2
votes

I have two tables. In the table UnRevisedTable goes the raw data and in the table RevisedTable there is only entries of revised values which a human inserts when he finds a value in UnRevisedTable than he doesnt likes.

In UnRevisedTable there is one entry every minute and in RevisedTable there is one entry for every unwanted entry in UnRevisedTable.

The purpose of those two queries is the same: Show me the union of revised and unrevised data replacing the unrevised data when there is revised data.

I started writing the query2 but it was too slow. Then i wrote the query1 and the query1 is much, much faster.

My question is why query1 is faster than query2? Thx.

query1:
    SELECT o.start_date_time,
        CASE WHEN r.start_date_time IS NULL THEN o.value ELSE r.value END AS value,
        FROM UnRevisedTable o LEFT JOIN RevisedTable r ON o.start_date_time = r.start_date_time
        WHERE o.start_date_time >= '".$start."' AND o.start_date_time < '".$finish."' ORDER BY start_date_time ASC;

query2:
    select * from(
      select RevisedTable.* from RevisedTable where start_date_time between '".$start."' and '".$finish."' 
          union 
      select UnRevisedTable.* from UnRevisedTable where start_date_time between '".$start."' and '".$finish."'
    ) as t1 group by start_date_time;

As Abhik Chakraborty sugested here are the explain query1 and explain query2:

query1:

+----+-------------+-------+--------+---------------+---------+---------+------------------------+------+-------------+
| id | select_type | table | type   | possible_keys | key     | key_len | ref                    | rows | Extra       |
+----+-------------+-------+--------+---------------+---------+---------+------------------------+------+-------------+
|  1 | SIMPLE      | o     | range  | PRIMARY       | PRIMARY | 8       | NULL                   |    9 | Using where |
|  1 | SIMPLE      | r     | eq_ref | PRIMARY       | PRIMARY | 8       | Mydb.o.start_date_time |    1 |             |
+----+-------------+-------+--------+---------------+---------+---------+------------------------+------+-------------+

query2:

+----+--------------+------------+-------+---------------+---------+---------+------+------+---------------------------------+    
| id | select_type  | table      | type  | possible_keys | key     | key_len | ref  | rows | Extra                           |
+----+--------------+------------+-------+---------------+---------+---------+------+------+---------------------------------+
|  1 | PRIMARY      | <derived2> | ALL   | NULL          | NULL    | NULL    | NULL |   14 | Using temporary; Using filesort |
|  2 | DERIVED      | RevisedTable  | range | PRIMARY    | PRIMARY | 8       | NULL |    2 | Using where                     |
|  3 | UNION        | UnRevisedTable| range | PRIMARY    | PRIMARY | 8       | NULL |   10 | Using where                     |
| NULL | UNION RESULT | <union2,3> | ALL   | NULL        | NULL    | NULL    | NULL | NULL |                                 |
+----+--------------+------------+-------+---------------+---------+---------+------+------+---------------------------------+
2
use explain first query and then explain 2nd query and share the result in the question. - Abhik Chakraborty

2 Answers

2
votes

First, the two queries do not do the same thing.

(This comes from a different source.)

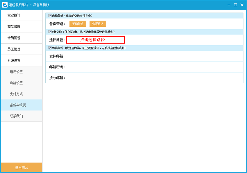 登录收银系统后台,进入系统设置->备份与恢复,进行备份设置。

  • The first query returns only times from UnrevisedTable. If there are times in the RevisedTable not in Unrevised, you won't get them.
  • The first query is using a join. And, if you have an index on the join key, start_date_time, then the index will be used. Aggregation is less likely to use indexes.
  • The first query will not remove duplicates that might exist within each table. The second does.
  • The two queries will not necessarily return the same value when there is a match in the two tables.

The second query is doing two aggregations, but no joins. The first aggregation is for removing duplicate values (for the union) and the second for the outer group by.

I would start by revising the second query to be:

select start_date_time, max(value) as value
from ((select start_date_time, value
       from RevisedTable
       where start_date_time between '".$start."' and '".$finish."' 
      ) union all
      (select start_date_time, value
       from UnRevisedTable
       where start_date_time between '".$start."' and '".$finish."'
      )
     ) t1
 group by start_date_time

You will probably also find that this is slower than the join. The MySQL engine does a better job of implementing joins than aggregations.

1
votes

To answer you question the slower query uses a UNION, which removes rows which are duplicated between the first and second tables. This will require a sort which is often expensive. You can see that in query 2's plan as a filesort. You can eliminate this sort by using a UNION ALL instead.

You may like to consider replacing the CASE statement in query 1 with COALESCE which returns the first non-null. It will make for an easier-read query and may run faster.

SELECT 
    o.start_date_time,
    COALESCE (o.value, r.value) AS value
FROM UnRevisedTable o LEFT JOIN RevisedTable r ON o.start_date_time = r.start_date_time
WHERE o.start_date_time >= '".$start."' 
AND o.start_date_time < '".$finish."' 
ORDER BY start_date_time ASC;